American Civil Liberties Union.

The agency apparently spied on Arthur Miller until 1956. At least they stopped. In the case of Edward Said, they may have been watching him for 30 years, until his death.



Good News

On Monday I posted about the re-issue of Mohammed Choukri’s For Bread Alone in the UK. Donald Linn, of Consortium, writes in to let us know that they will distribute the book in the U.S. in the fall. See? So you’ve got no excuse for not reading this marvel of a novel.



First Time

When I was a sophomore in college, our class was assigned Chinua Achebe’s A Man of the People for our African Literature course. I went to get my copy at the English Bookshop, which back then was on Zanqat Al-Yamama, across from the train station in downtown Rabat, right behind what used to be the British Council building. The bookseller had ran out of new copies, so I bought a used one–printed by Heinemann in 1982. A Man of the People was a revelation for me; it spoke to me like few books had until then (or since, for that matter.) I went back to the store and bought the other works of Achebe’s that I could find, including, of course, Things Fall Apart.
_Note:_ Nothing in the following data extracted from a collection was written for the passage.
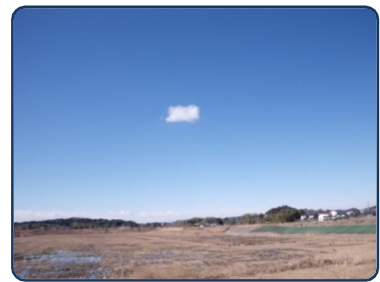
①2011年1月30日・茂原市上茂原・西・雲種は積雲か？

①今までの最もインパクトの強かった雲。当日は見渡す限り雲一つない青空の中に、この雲だけがぽつんと一つ。左下の僅かな突起はポケットからカメラを出す十数秒の間にできたもので、発見した瞬間は殆ど長方形！この日の40日後東日本大震災が発生したことを考えると、異変を暗示していたかもしれません。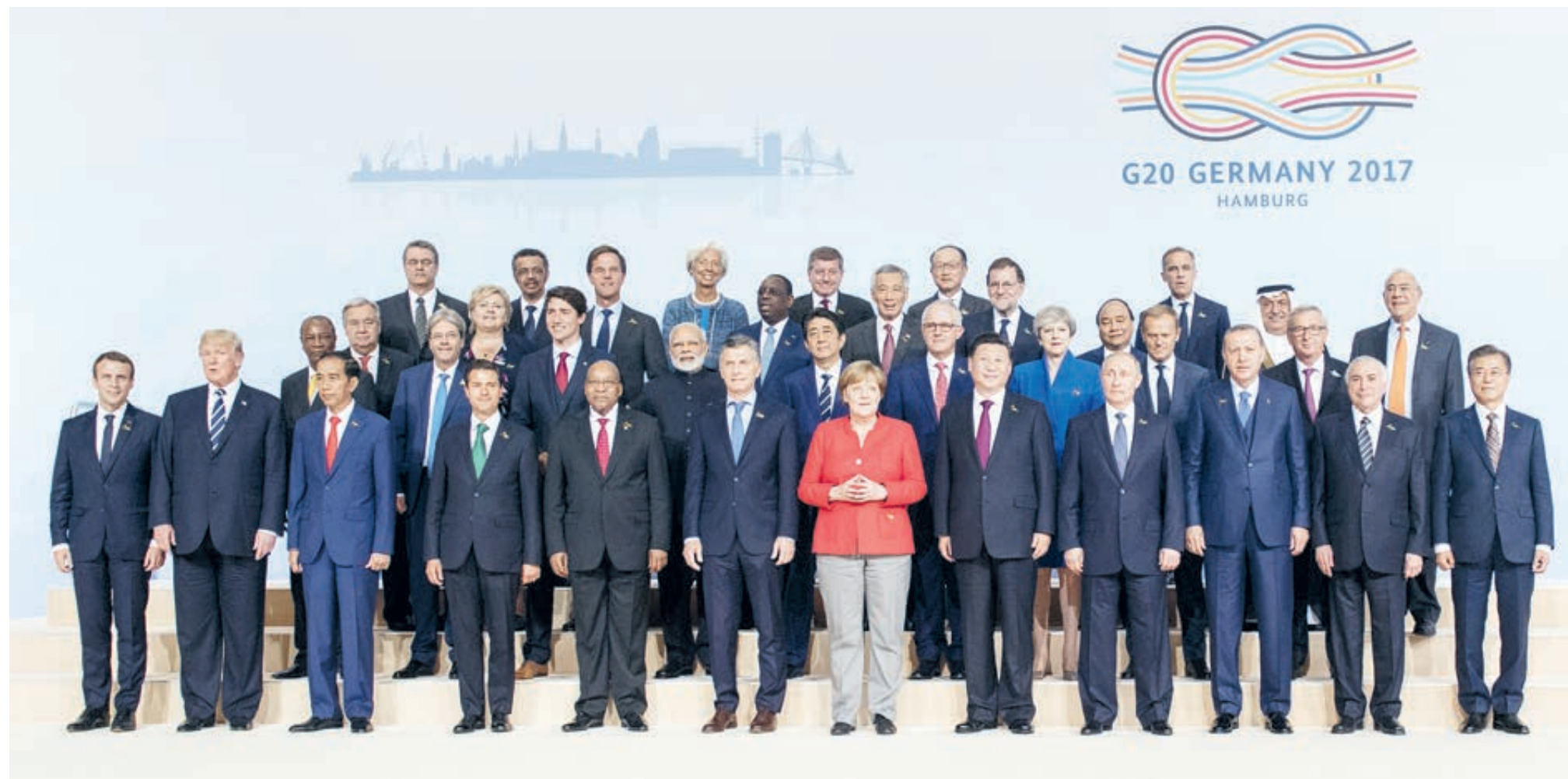
7 июля 2017 года в немецком Гамбурге состоялся 12-й саммит G20.

Кроме того, китайская инициатива «Пояс и путь», основывающаяся на принципах «совместных консультаций, совместного строительства и совместного использования», сама по себе показывает приверженность КНР мультилатерализму, а также стремление к укреплению международного сотрудничества, стимулированию упрощения торговли и совершенствованию глобального управления.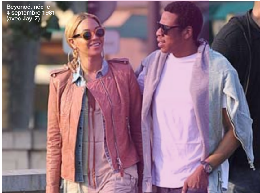
Beyoncé, née le 4 septembre 1981 (avec Jay-Z).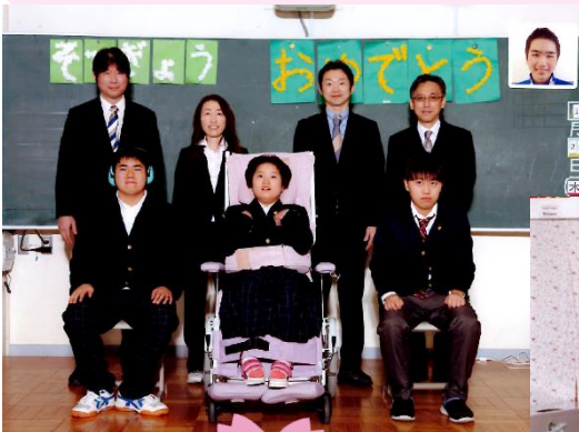
卒業写真 みんなで撮りました

本日、小学部6年生2名、中学部3年生4名が卒業しました。これからそれぞれ自分の道を自分で歩いていくことになります。それぞれの場所で自分らしく輝く姿を教職員一同願っています。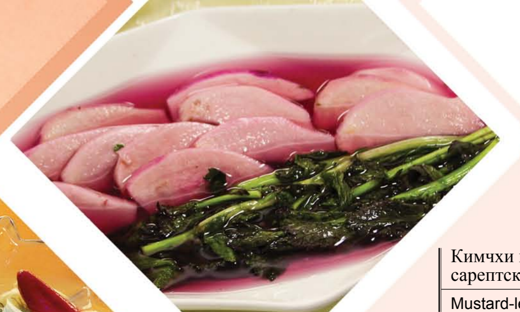
Кимчи из горчицы сарептской Mustard-leaf Kimchi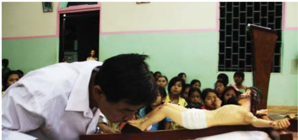
រូបភាពបុណ្យបង្ហូរ នៅមណ្ឌលសកម្មភាពទន្លេមេគង្គ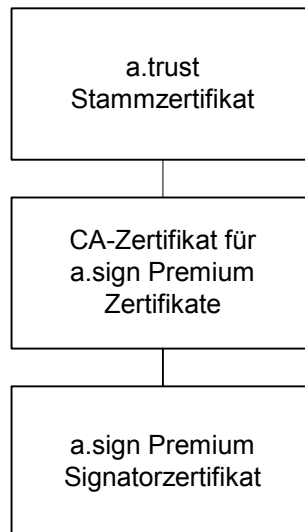
Abbildung 1 Zertifizierungshierarchie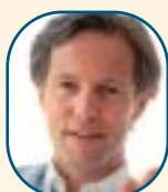
▶ Bjørn-Erik Willoch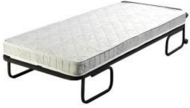
Resim 2: İlave yatak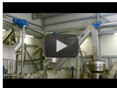
Video: HUBER Sandaufbereitungsverfahren RoSF5 auf der Kläranlage Frankfurt-Niederrad https://www.youtube.com/watch?v=nlufMzRyK4A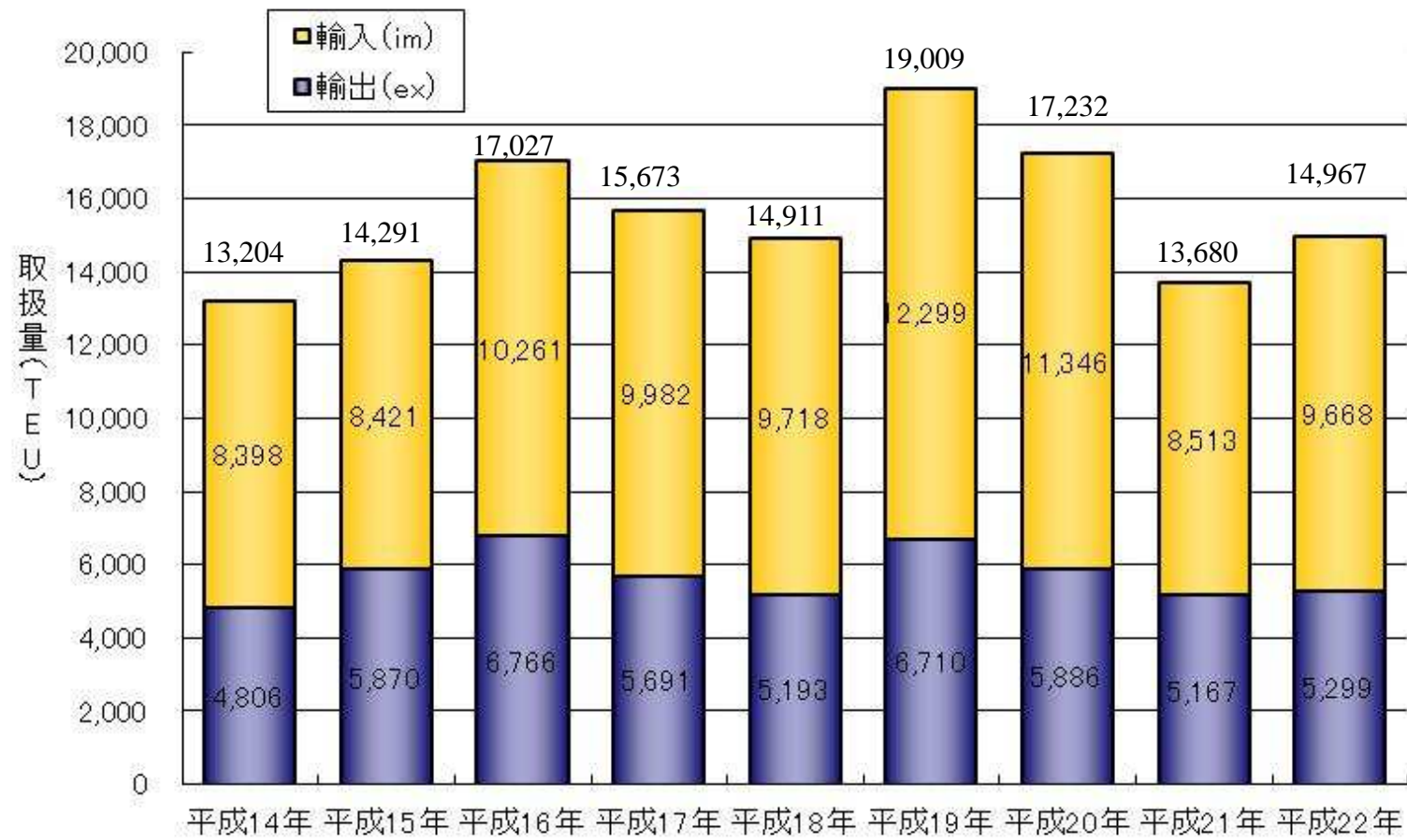
○曆年毎取扱貨物量(実入切)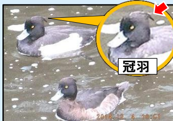
(上)キンクロハジロ(オス) (下)キンクロハジロ(メス)

東京湾など海辺にいる冬鳥。海岸付近や河口、海に近い池沼などに群れで生活しています。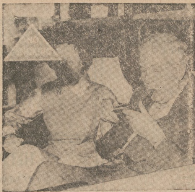
ROZPOCZYNA KAMPANIĘ WYBORCZĄ. — Brytyjski premier Harold Wilson wraz z żoną Mary udaje się pociągiem do Walii, celem otwarcia kampanii wyborczej.

US popierały i pomagały armii południowokoreańskiej w ciągu 20-tych lat i ekspedycji wojakowi US uważają armię koreańską za bardzo dobre wojsko, zdolne do utrzymania się w wypadku zagrożenia ze strony Płn. Korei.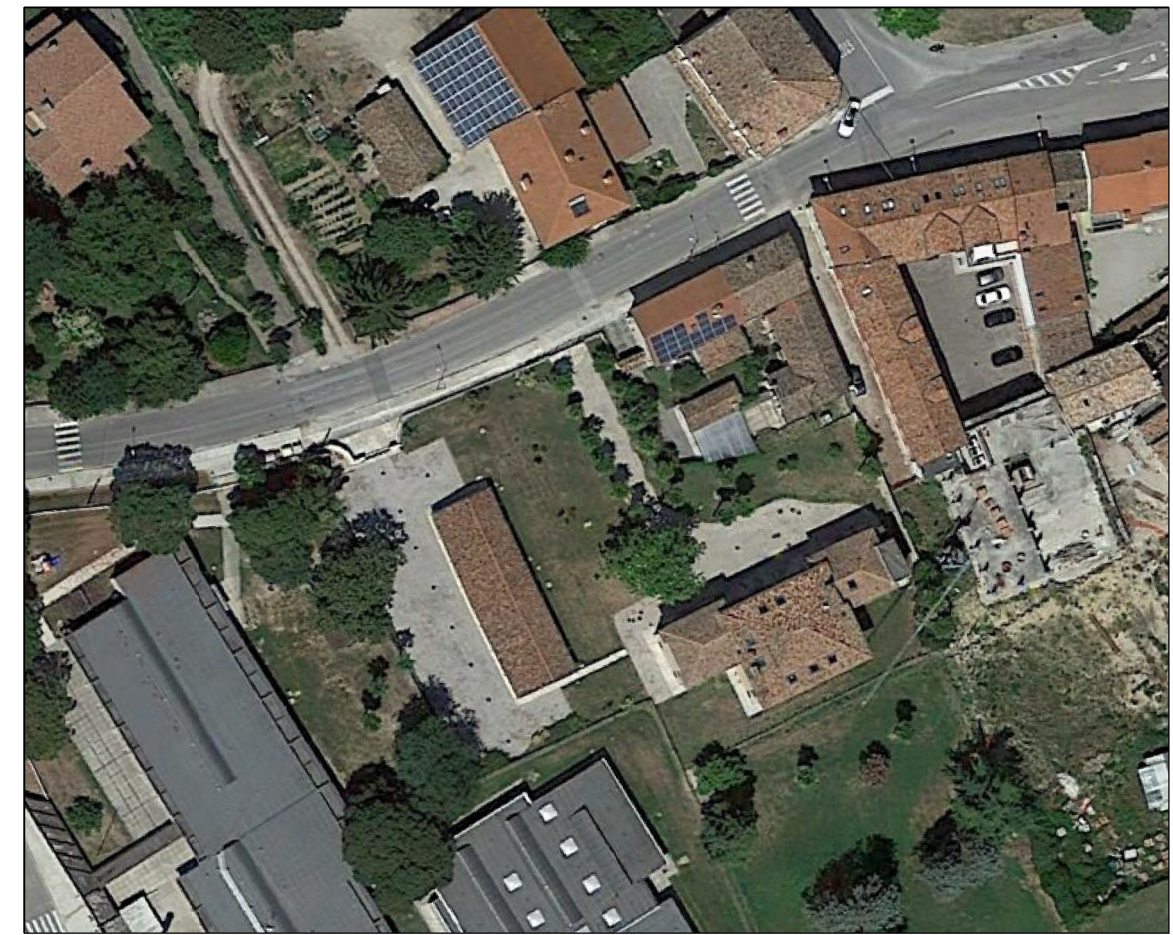
Stralcio Foto aerea dell'area di cantiere Scala 1:1'000

I’ve been scavenging bookstore shelves for titles from the Heinemann African Writers Series for a while, but I finally gave up and ordered many of the ones I hadn’t yet read from an online site. But what’s strange is that I tend to prefer to buy the orange-covered editions–maybe because I’m hoping to replicate that feeling of discovery I had with Achebe or because I’m hoping to fall into these books in the same way I have fallen into A Man of the People. There hasn’t been anything like that first time, though.



Laroui on Benali

Fouad Laroui’s brief column for this week’s Jeune Afrique is about Dutch-Moroccan novelist Abdelkader Benali’s recent experiences in Morocco, which he was visiting for the Casablanca Book Fair. A few cross-cultural surprises for Benali, such as

Il faut savoir qu’en Hollande les gens ne se font jamais la bise. On ne se serre même pas la main. On se dit « Hi » à bonne distance. Et voilà notre Abdelkader assailli de poutous par des gens qu’il ne connaît que très vaguement. Bonjour, smac-smac ! Bienvenue à Casa, smac-smac ! Tu te souviens de moi, on s’est croisés il y a deux ans ? Smac-smac ! Abdelkader veut bien qu’on l’appelle par son prénom, et même qu’on l’appelle Mohammed, mais qu’on l’embrasse à tout bout de champ, non, ça, ça lui semble étrange.

Benali’s first novel, Bruiloft Aaan Zee, was translated into English as Wedding by the Sea. Check it out.